[[ Listed records, beginning ]]
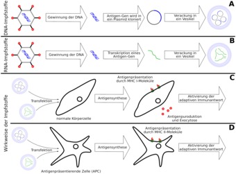 Erzeugung und WIrkung von Impfstoffen auf Erbgut-Basis (DNA und RNA). Es gelten die Nutzungsbedingungen der Mediothek und Pixiothek. Auf http://unterricht.petzinger.net/biochdropbox.html auch als svg und in CC-BY verfügbar.
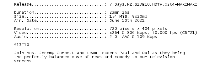 Release Name : 7.Days.NZ.S13E10.HDTV.x264-MAKIMAKI
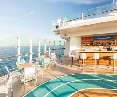 carte ontbijt, lunch en diner of een breed scala aan opties in de Lido Market, het buffet-style restaurant met verschillende thema stations. Uiteraard zijn deze opties gewoon inclusief. Met de verschillende specialiteitenrestaurants maken de smaakpapillen net zo’n mooie reis als jijzelf. Waag je in de avond op Music Walk voor onvergetelijke optredens met artiesten van wereldklasse. Van voortreffelijke kamermuziek bij Lincoln Center Stage tot klassieke rock hits bij Rolling Stone Rock Room en meezingen bij Billboard Onboard tot de voetjes van de vloer tot laat in de avond bij B.B. King’s Blues Club. Op ieder cruiseschip vind je diverse bars en lounges, zwembaden, jacuzzi’s, sportruimtes, een luxe spa en een casino. Kom tot rust tijdens een ontspannen massage, leer iets nieuws bij een boeiende lezing of geniet van de gezelligheid tijdens een wijnproeverij.
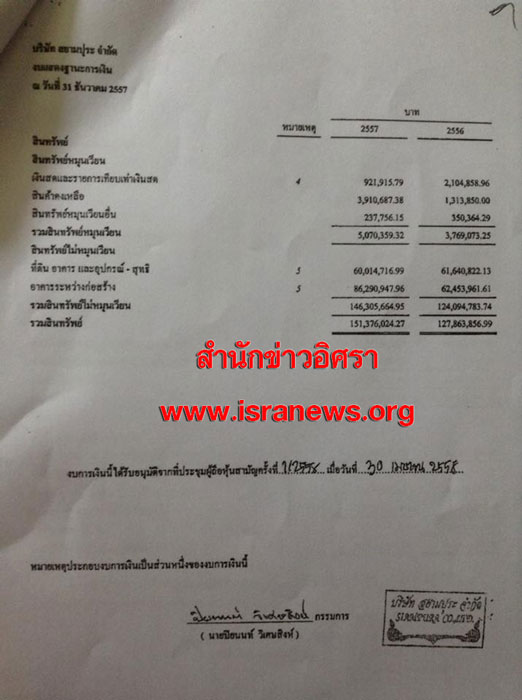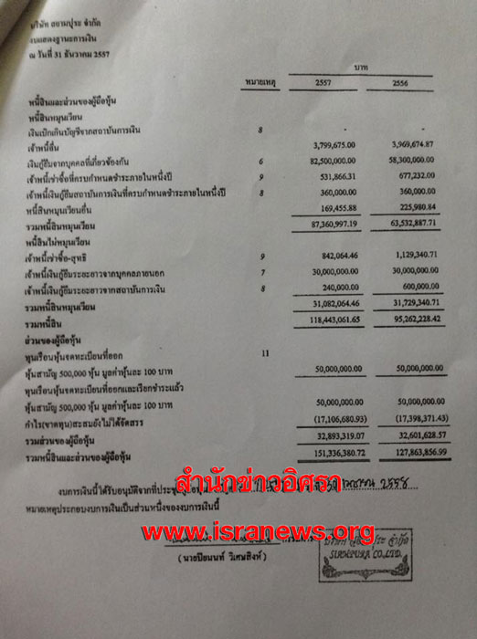 มีสินทรัพย์ทั้งสิ้น 127,863,856 บาท มีหนี้สินทั้งสิ้น 95,262,228 บาท โดยมีหนี้สินจากการกู้ยืมกรรมการบางราย ไม่มีการคิดดอกเบี้ย และคืนเมื่อทวงถามถึง 58.3 ล้านบาท (ดูเอกสารประกอบ)
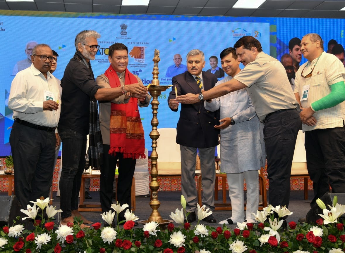 ક્રોસ બોર્ડર પ્રવાસનને સુરક્ષા માટે આર્મીના જવાનો હંમેશા તૈયાર રહેશે તેવી તત્પરતા દર્શાવી હતી. ઉદ્ઘાટન સત્રના પ્રારંભે એડવેન્ચર ટૂર ઓપરેટર એસોસિએશન ઓફ ઇન્ડિયાના પ્રમુખ શ્રી અજિત બજાજે સૌનું સ્વાગત કરી અધિવેશનની ભૂમિકા આપી હતી. અંતે ગુજરાત પ્રવાસન નિગમના એમડી ડો. સૌરભ પારગીએ આભારદર્શન કર્યું હતું. આ સેમિનારના સ્થળે વિવિધ રાજ્યોના પ્રવાસનને ઉજાગર કરતા આકર્ષણોના સ્ટોલ ઉભા કરાયા છે જેનું પણ મહાનુભાવો ના હસ્તે ઉદ્ઘાટન કરવામાં આવ્યું હતું. આ વેળાએ ધારાસભ્ય શ્રી પ્રવીણભાઈ માળી, સંસ્થાના ઉપપ્રમુખ શ્રી વૈભવ કાલા, અધિકારીઓ સર્વ શ્રી વ્યંકટેશ કટારે, અનિલ ઓરો, મોડેલ શ્રી મિલિંદ સોમન ઉપસ્થિત રહ્યા હતા.
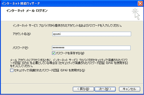 表示された【インターネット接続ウィザード】の【インターネット メール ログオン】の 画面にて、以下のように設定します。
[[ Listed records, end ]]
Could you set down, exactly as written, every line from the one with "ક્રોસ બોર્ડર પ્રવાસનને" to the end of the data, both ends included? Leave out the pictures.

 ક્રોસ બોર્ડર પ્રવાસનને સુરક્ષા માટે આર્મીના જવાનો હંમેશા તૈયાર રહેશે તેવી તત્પરતા દર્શાવી હતી. ઉદ્ઘાટન સત્રના પ્રારંભે એડવેન્ચર ટૂર ઓપરેટર એસોસિએશન ઓફ ઇન્ડિયાના પ્રમુખ શ્રી અજિત બજાજે સૌનું સ્વાગત કરી અધિવેશનની ભૂમિકા આપી હતી. અંતે ગુજરાત પ્રવાસન નિગમના એમડી ડો. સૌરભ પારગીએ આભારદર્શન કર્યું હતું. આ સેમિનારના સ્થળે વિવિધ રાજ્યોના પ્રવાસનને ઉજાગર કરતા આકર્ષણોના સ્ટોલ ઉભા કરાયા છે જેનું પણ મહાનુભાવો ના હસ્તે ઉદ્ઘાટન કરવામાં આવ્યું હતું. આ વેળાએ ધારાસભ્ય શ્રી પ્રવીણભાઈ માળી, સંસ્થાના ઉપપ્રમુખ શ્રી વૈભવ કાલા, અધિકારીઓ સર્વ શ્રી વ્યંકટેશ કટારે, અનિલ ઓરો, મોડેલ શ્રી મિલિંદ સોમન ઉપસ્થિત રહ્યા હતા.
 表示された【インターネット接続ウィザード】の【インターネット メール ログオン】の 画面にて、以下のように設定します。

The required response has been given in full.